TechStore’s net profit margin has been declining since the financial year 2022, decreasing from 23% in FY2021 to 11.6% in FY2024. This indicates that the group has had to embark on competitive pricing strategies to secure new projects.
While acknowledging this, Tan explains that the declining margins were due to multiple factors, including early-stage government projects, foreign exchange volatility and pandemic-era disruptions.
“Some of these [were] awarded projects with lower double-digit [margins], so that’s why we averaged down slightly,” he says, referring to previous contracts that diluted overall profitability.

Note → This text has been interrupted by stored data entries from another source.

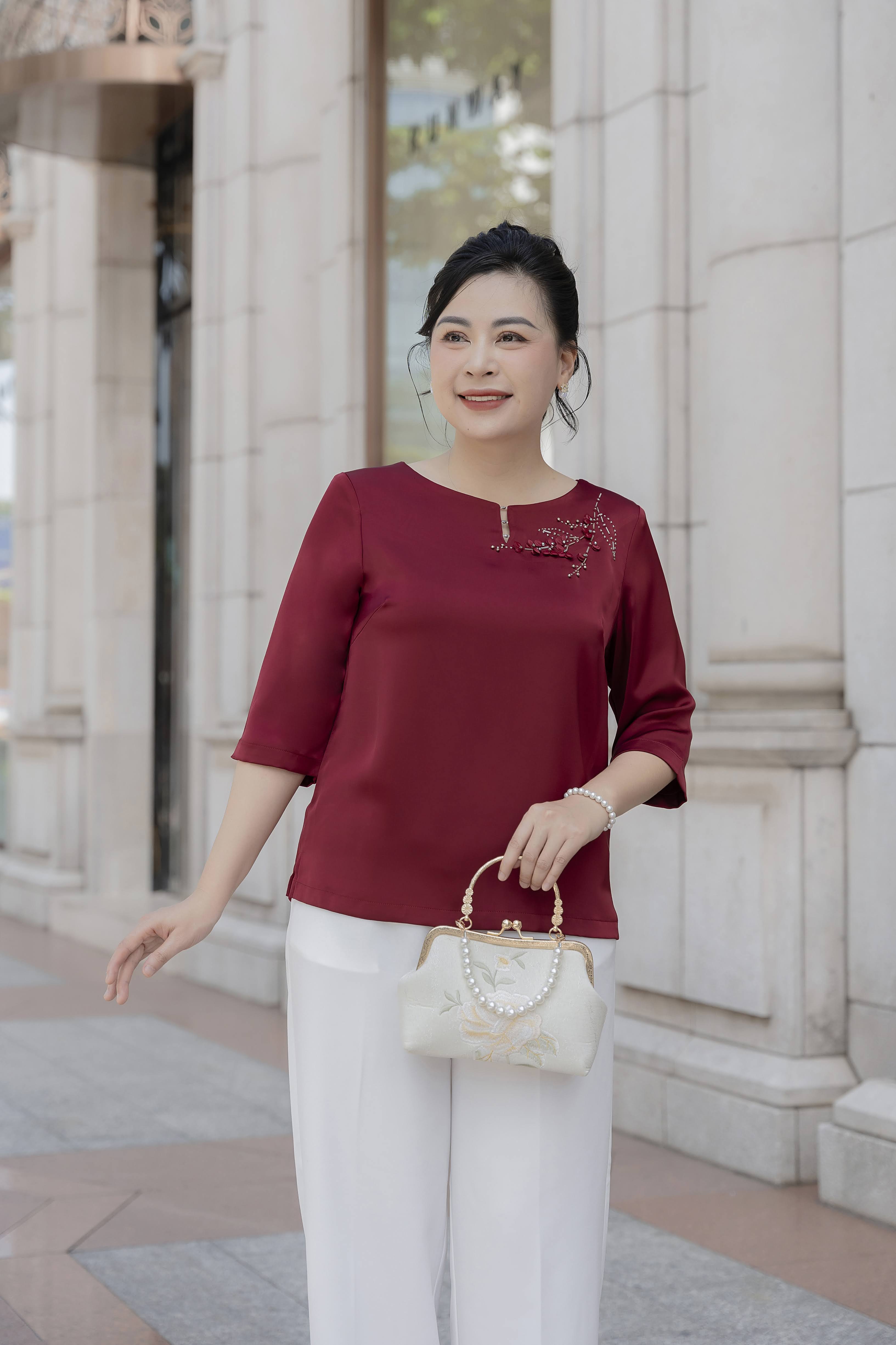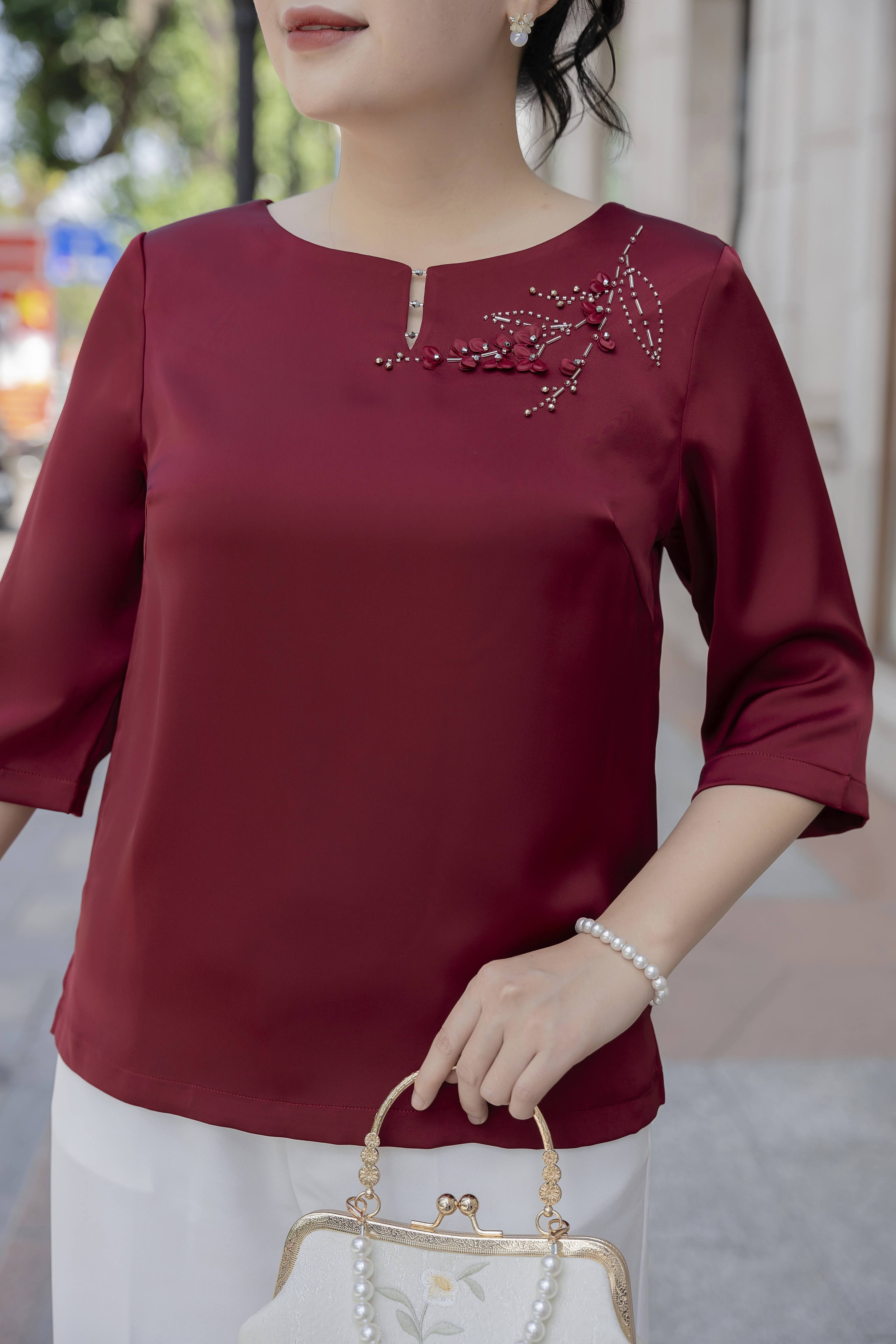 GUMOM Áo Kiểu Trung Niên U50 U60 Cao Cấp Cổ Tròn Tay Lỡ Thêu Hoa Đính thủ công hoa và đá pha lê cap cấp Sang Trọng Cho Nữ
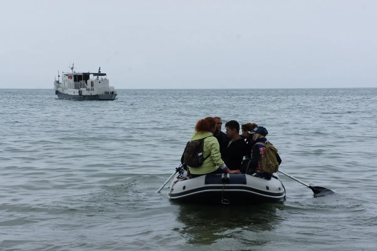 Three hours later the weather did not improve, the ship couldn't leave the bay. We contacted the captain and found out the coordinates of the place where they hid from the storm. We arrived at the place and began to assess the possibility to land guests on the shore.
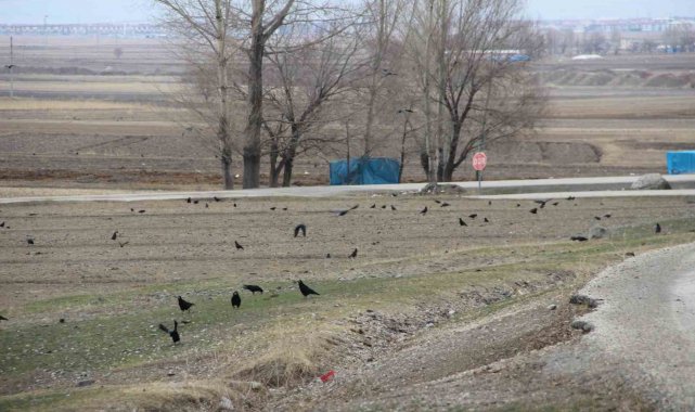 Erzurum'da Söğütlü Mahallesini istila eden kargalar, tarımla uğraşan va...
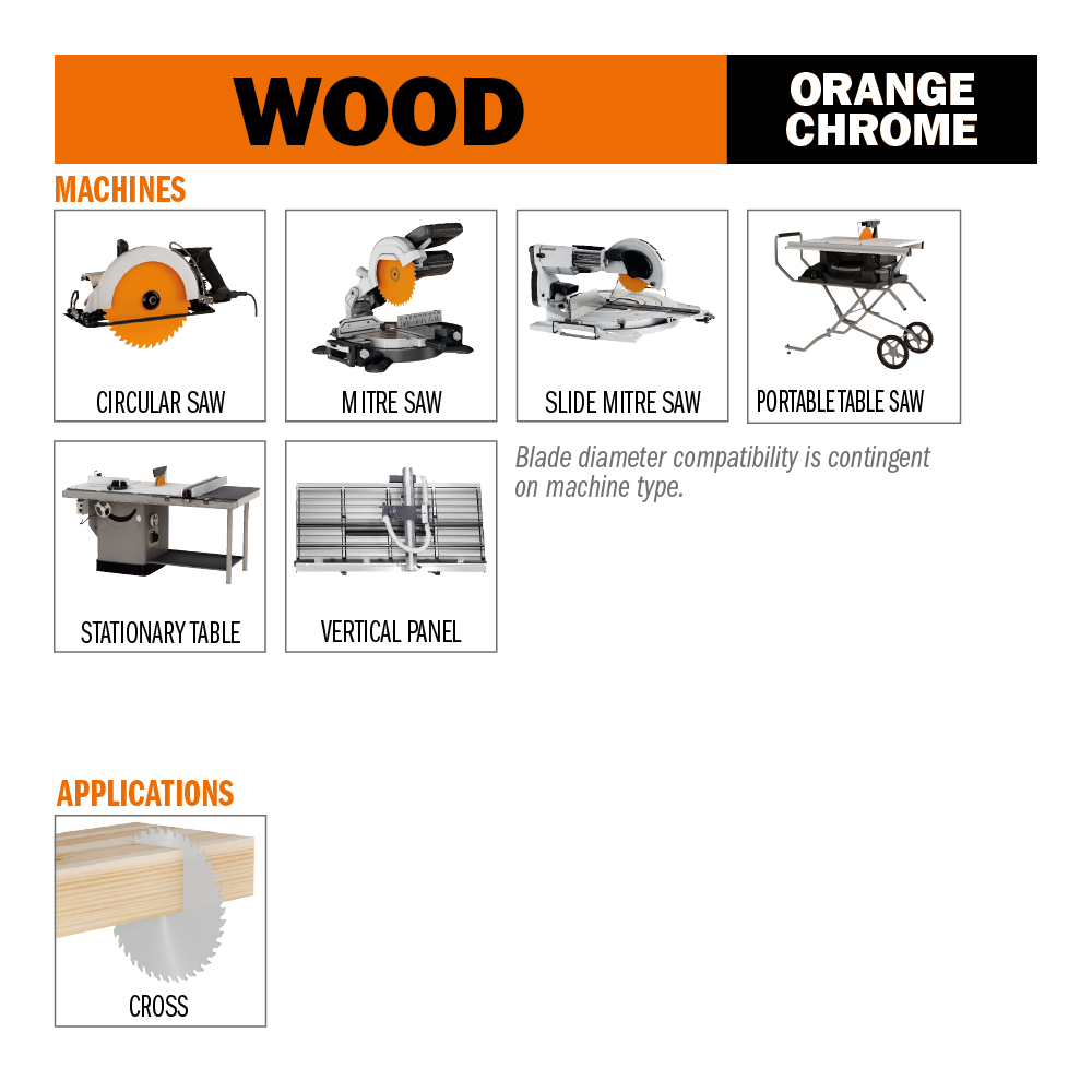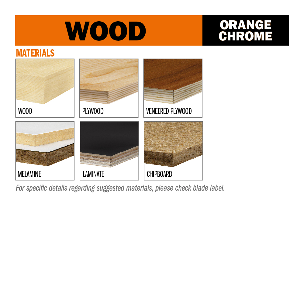 Bladet er produsert i laserskåret premium stål fra Tyskland og utstyrt med støydempende spor som reduserer vibrasjoner og gir jevnere gange. Tennene i kromkarbid holder seg skarpere lenger og gir rene, flisfrie kutt. Med avansert balansering og slitesterkt Orange Chrome® belegg får du et sagblad med optimal ytelse og minimalt vedlikehold.
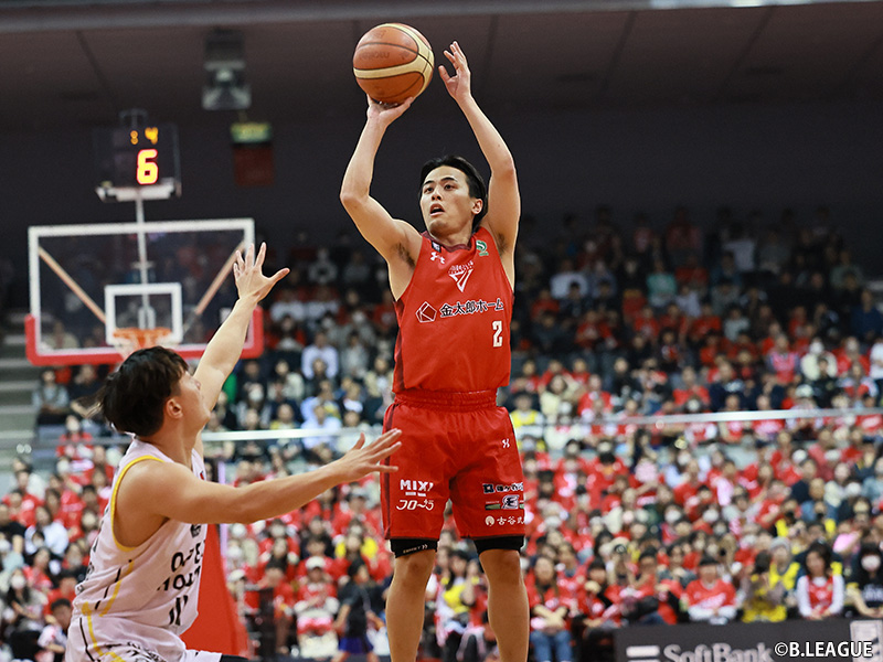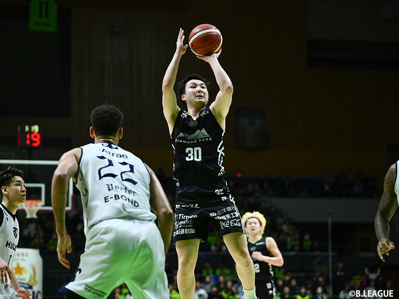 そして今シーズン、この豪華な顔ぶれに続く歴代5人目の達成者となったのが北海道の富永だ。Bリーグ参戦1年目から圧倒的なシュート力を発揮し、日本人最速となる53試合目で大台に乗せる異例のペースで得点を積み重ね、現在は1040得点まで数字を伸ばしている。
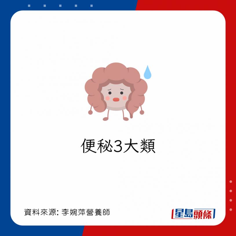 营养师李婉萍曾发文指,便秘可分为3大类型,透过粪便颜色及形态更可解读身体警号。她按照不同类型的便秘,提出相应的饮食及生活建议:
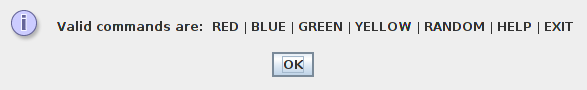 Lab 5: "Working with Interpreters!" How to use interpreters to make and utilize commands 101! Interpreter1 code | Interpreter2 code | Interpreter3 code | Image of a Colored Dot | Image of Input Dialog Box | Image of Help Menu | Image of Error Message
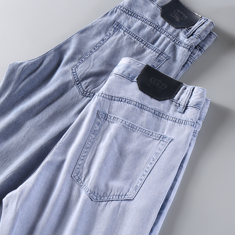 高腰设计,拉长身材比例。高腰牛仔裤,显瘦显腿长。直筒裤型,修饰腿部线条。

The group’s strategic shift to the public sector also required an upfront investment of time and resources, which initially weighed on margins, he adds.
“This is a learning curve basically … increasing our cost,” says Tan, adding that the delay in project completion also caused some payments to be stuck. “Even we are running [ahead] to deliver all the technology. But if the project doesn’t go live … we will have money stuck there as well.”
In the first quarter ended March 31, 2025, TechStore reported a net profit of RM1.04 million on the back of RM14.01 million in revenue, which translates into a net profit margin of 7.4%.
Despite these headwinds, Tan is confident that margins will normalise and improve in the coming financial year, driven by new contracts that reflect updated pricing assumptions and stabilising supply chains. “I believe that 2025 will be a better year because it’s getting much more stable,” he says.
TechStore, which was listed on Feb 18 this year, closed at 20.5 sen last Thursday, 2.5% above its IPO price of 20 sen.